Hallucination rate is the percentage of AI outputs that contain false or fabricated information presented as fact. The model isn't lying. It doesn't know it's wrong. That's what makes it a real problem.
For product managers building on top of AI, hallucination rate isn't a hypothetical concern. It's a metric you have to track.
How PMs measure it
You can't measure hallucination rate automatically unless you have ground truth to check against. The most common approach is human evaluation: sample AI outputs, verify them against a known source, and record the failure rate.
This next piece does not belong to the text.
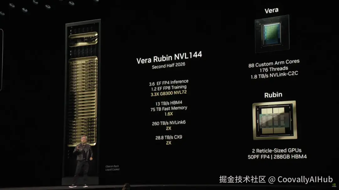 - Rubin GPU: 两颗Reticle大小芯片,FP4性能高达50 PFLOP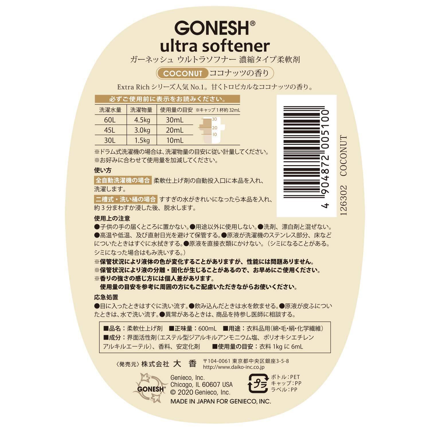 GONESH(ガーネッシュ)ウルトラソフナー(柔軟剤)ココナッツ(トロピカルなココナッツの香り)600ml

If you're building AI-generated summaries of customer feedback, pull a sample, read the originals, and check whether the summary invented any claims. Over time, you build a benchmark.
Some teams use a secondary AI call to evaluate the first, an LLM-as-judge pattern. It's faster than manual review, but you're trusting a model to catch another model's mistakes, which has its own failure modes.
Why PMs care
Hallucination isn't just a technical metric. It's a trust metric. If users catch your AI feature saying something false once, they second-guess it forever.
The acceptable rate depends entirely on the stakes. Summarizing feature requests? Users will tolerate an occasional slip. Generating legal text? Zero tolerance.
Set your acceptable rate before you ship. Then instrument for it. "We'll watch it after launch" is not a plan.